The trip starts from Denver, crosses the Continental Divide at Milner Pass in Rocky Mountain National Park, reaches Grand Lake, crosses the Continental Divide again at Berthoud Pass, traverses the Denver Mountain Parks, and returns to Denver, having completed without any duplication 240 miles of comfortable travel through magnificent country, full of interest and variety; the trip can be made in 2 days or it can be prolonged to suit individual time and inclination. It combines in one trip half a dozen features, any one of which by itself would be worth the journey. The Rocky Mountain Parks Transportation Co. operates daily scheduled trips over this route during the summer season.

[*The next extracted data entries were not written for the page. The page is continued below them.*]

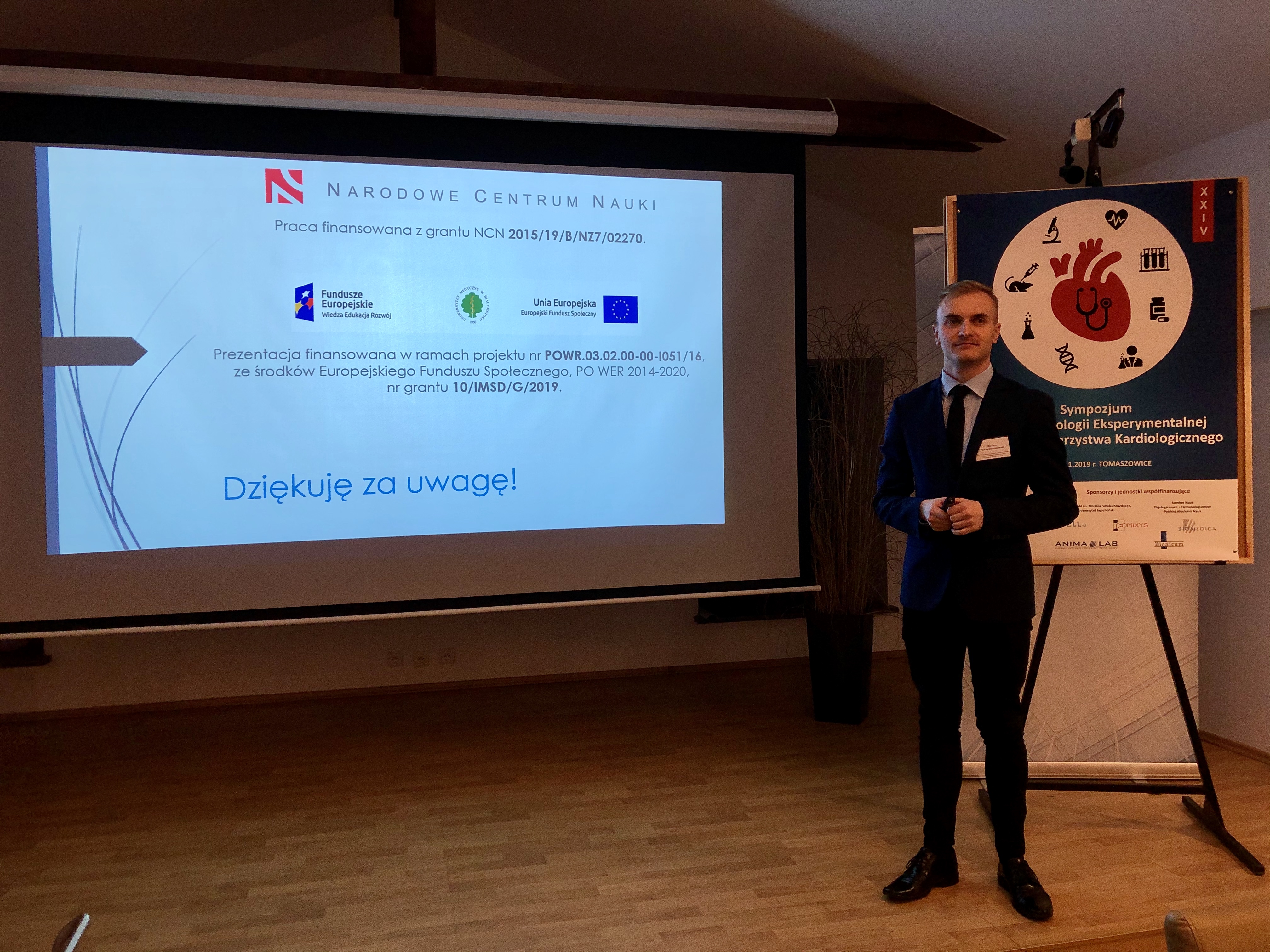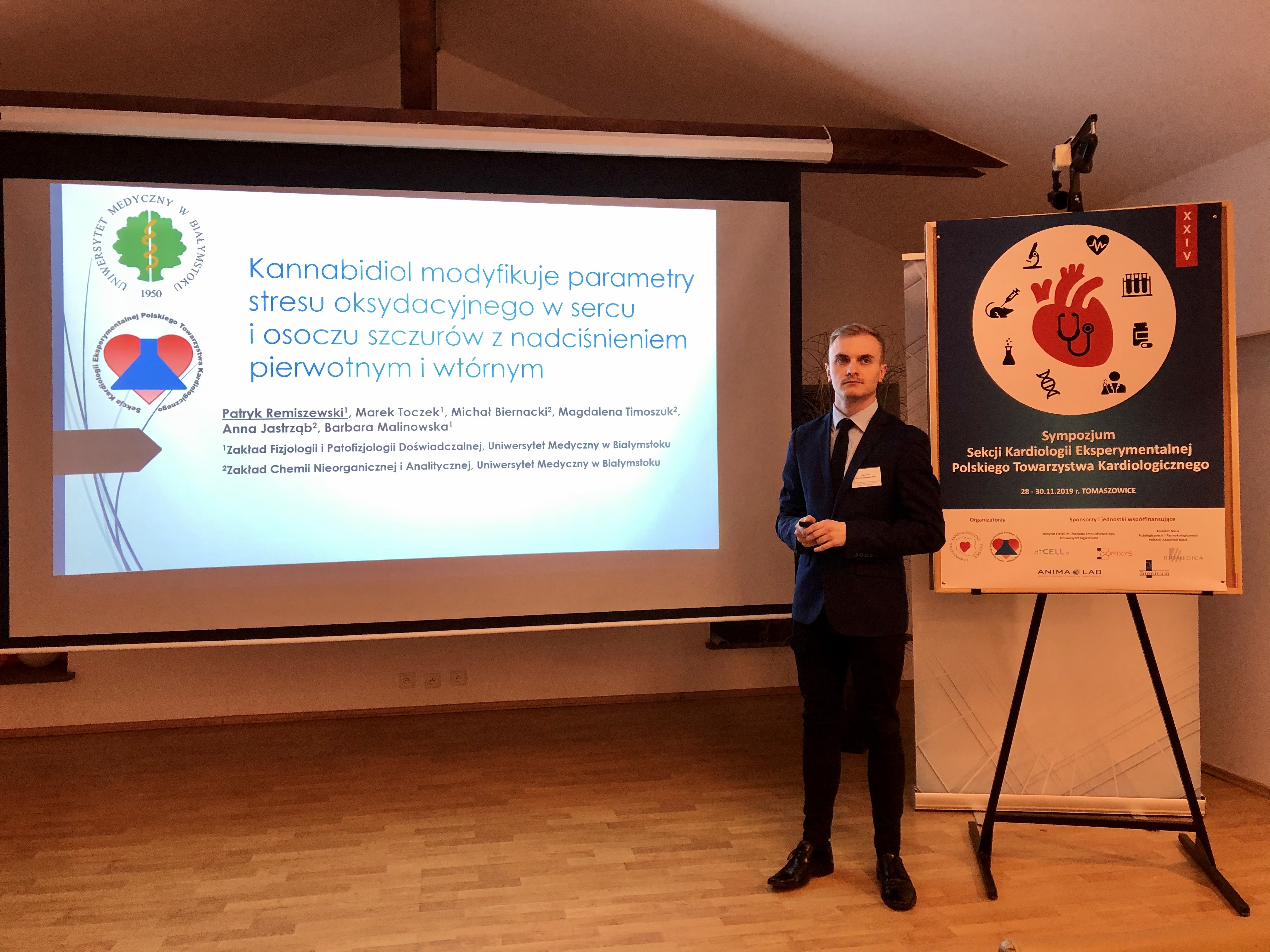 Pan Patryk Remiszewski, doktorant Międzynarodowych studiów doktoranckich w dziedzinie nauk medycznych i nauk farmaceutycznych w dniach 28-30.11.2019 r. brał czynny udział w XXIV Sympozjum Sekcji Kardiologii Eksperymentalnej Polskiego Towarzystwa Kardiologicznego w Tomaszowicach k/Krakowa. Sympozjum odbyło się pod patronatem Komitetu Nauk Fizjologicznych i Farmakologicznych PAN. W sympozjum wzięli udział przede wszystkim młodzi, ale także doświadczeni badacze z obszaru kardiologii, fizjologii, molekularnej biologii, biofizyki i biologii komórkowej. Pan P. Remiszewski przedstawił prezentację pt. "Kannabidiol modyfikuje parametry stresu oksydacyjnego w sercu i osoczu szczurów z nadciśnieniem pierwotnym i wtórnym".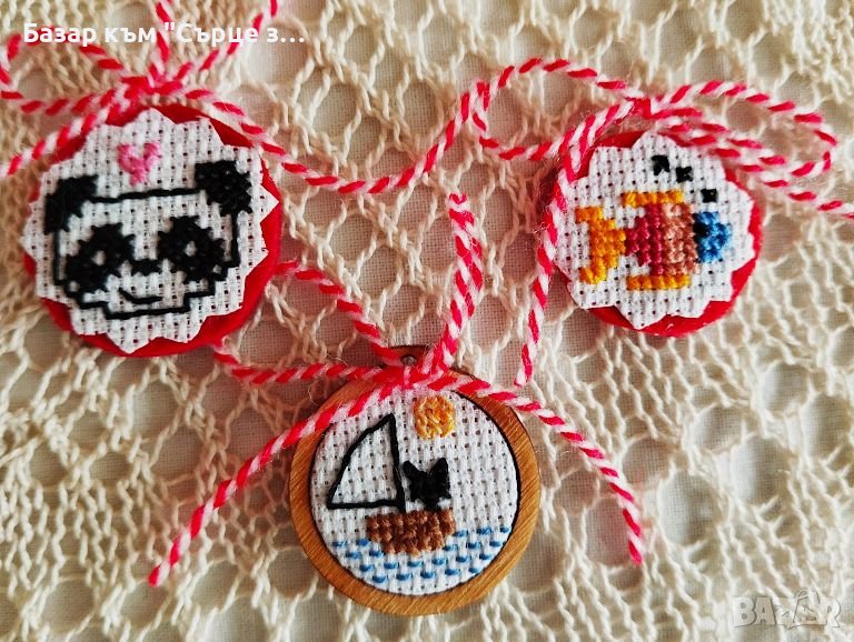 17 Бродирани мартенички или колиета - по 9 лв Панда, Котка-мореплавател и Рибка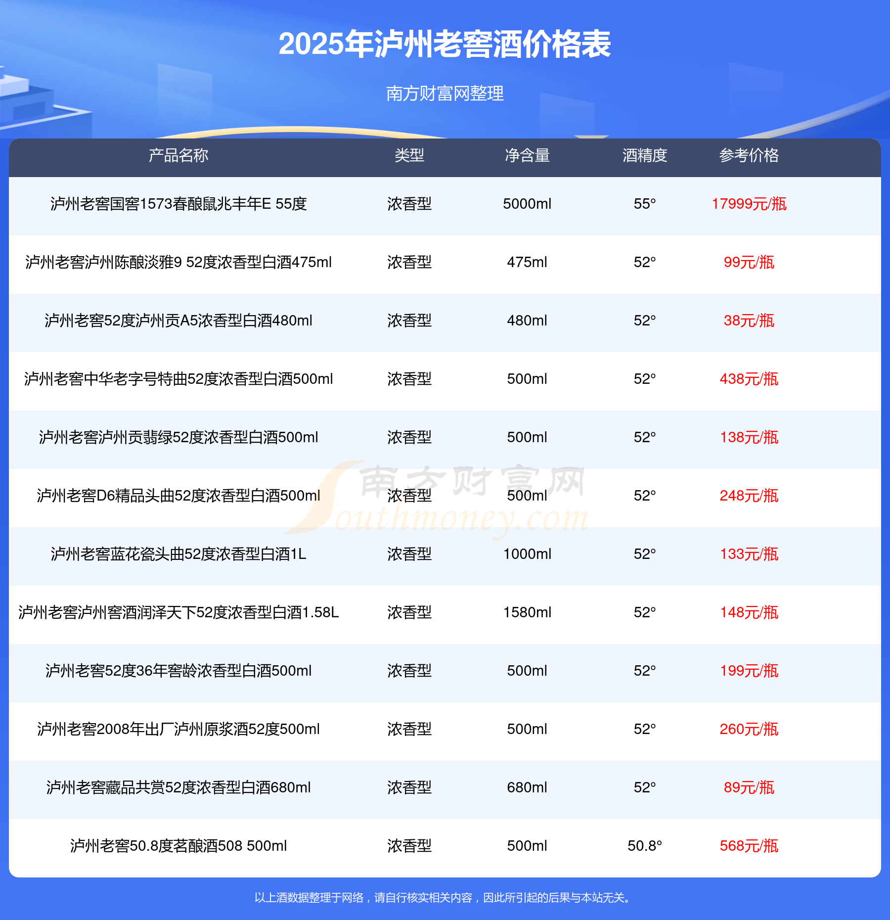 泸州老窖酒最新价格2025:泸州老窖国窖1573春酿鼠兆丰年E 55度参考价17999元/瓶、泸州老窖国窖1573生命中的那坛酒55度014参考价9999元/瓶、泸州老窖国窖1573春酿鼠兆丰年A 55度参考价5088元/瓶、泸州老窖国窖1573生命中的那坛酒55度013浓香型白酒1000ml参考价4988元/瓶。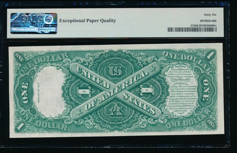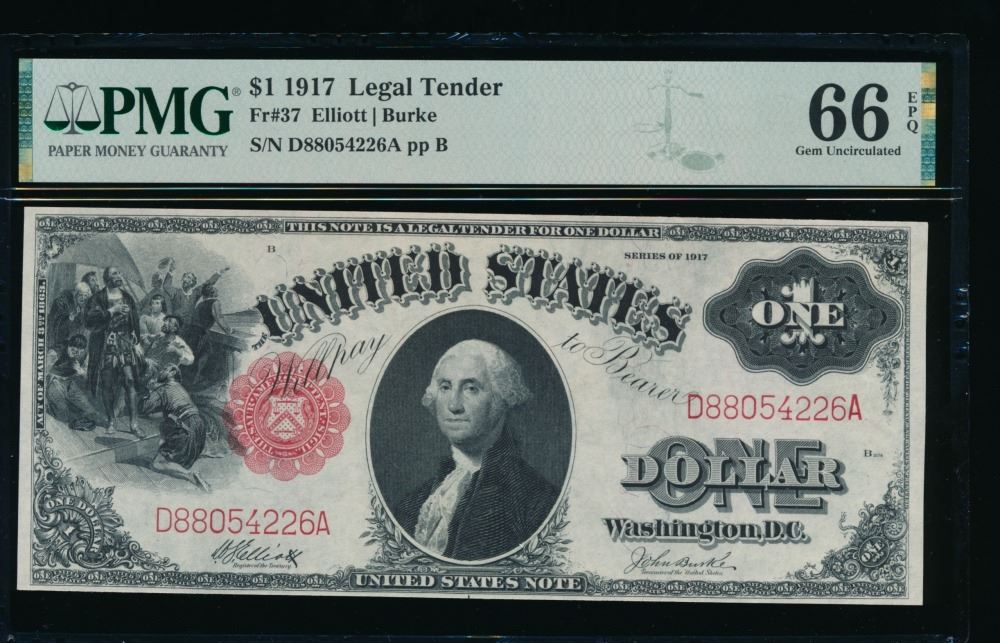 One 1917 $1 Legal Tender Note PMG 66EPQ.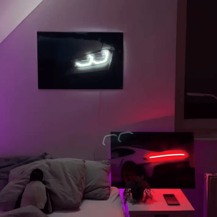 Nos tableaux en plexiglass avec néons LED mettent en valeur les phares, les lignes et le caractère unique de chaque modèle automobile.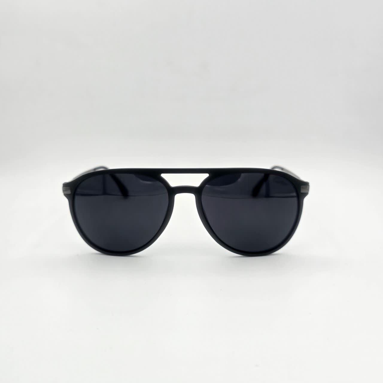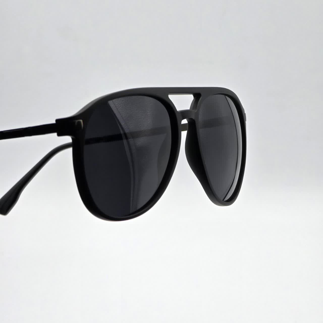 - فریم جلو: از جنس استات (Acetate) یا کائوچوی فشرده با فینیشینگ مشکی مات (Matte Black) ساخته شده است. این بافت مات، حسی مخملی و مدرن دارد و برخلاف فریمهای براق، خط و خش ریز را نشان نمیدهد.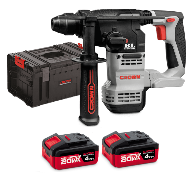 DATI TECNICI - Tipo di batteria Lithium-ion - Voltaggio 20 V Max. * - Capacità batteria 4 Ah - Tempo di ricarica della batteria 60 min - Velocità a vuoto 0-1400 minˉ¹ - Percussioni al minuto 0-4500 minˉ¹ - Energia del colpo 2,3 J - Tipo di mandrino SDS-PLUS - Capacità di foratura nel calcestruzzo 18 mm - Capacità di foratura nel ferro 13 mm - Capacità di foratura nel legno 20 mm - Peso 3,11 kg * La tensione massima iniziale della batteria (misurata senza carico di lavoro) è 20 volt. La tensione nominale è 18 volt. IN DOTAZIONE - 2 Batterie - 1 Caricabatterie - Impugnatura supplementare - Limitatore di profondità - Valigia

On leaving Denver the road leads out Federal Boulevard, crosses Westminster Heights, from which point there is an extensive view of the Great Plains to the east and a panorama of the Front Range of the Rocky Mountains to the west, stretching out before the eye from Pikes Peak to Longs Peak, a rampart of mighty mountains, 125 miles from end to end. The road then passes through a farming section, where irrigation has turned what was once an arid plain into a richly productive district. Fields of deep green alfalfa alternate with the waving wheat, and in the fall of the year the harvesting and threshing add new life to the landscape. Next is the town of Lafayette, where coal mining is the principal industry, and then the road traverses a sugar-beet country. Colorado is the sugar bowl of the United States, and here is one of the regions where the beets are most successfully grown. At Longmont and Loveland are large factories, where sugar is extracted from the beets and refined for table use. At Loveland the road turns westward and soon plunges into the precipitous canyon of the Thompson River, where it follows the turns of the dashing stream, walled in by towering cliffs. Then comes the village of Estes Park at the edge of Rocky Mountain National Park and half surrounded by it. From the green of the meadowland the eye follows the slope, up, up, up, over timbered hills and rocky cliffs, past timberline to the crest of the Continental Divide where snow lingers, and to Longs Peak.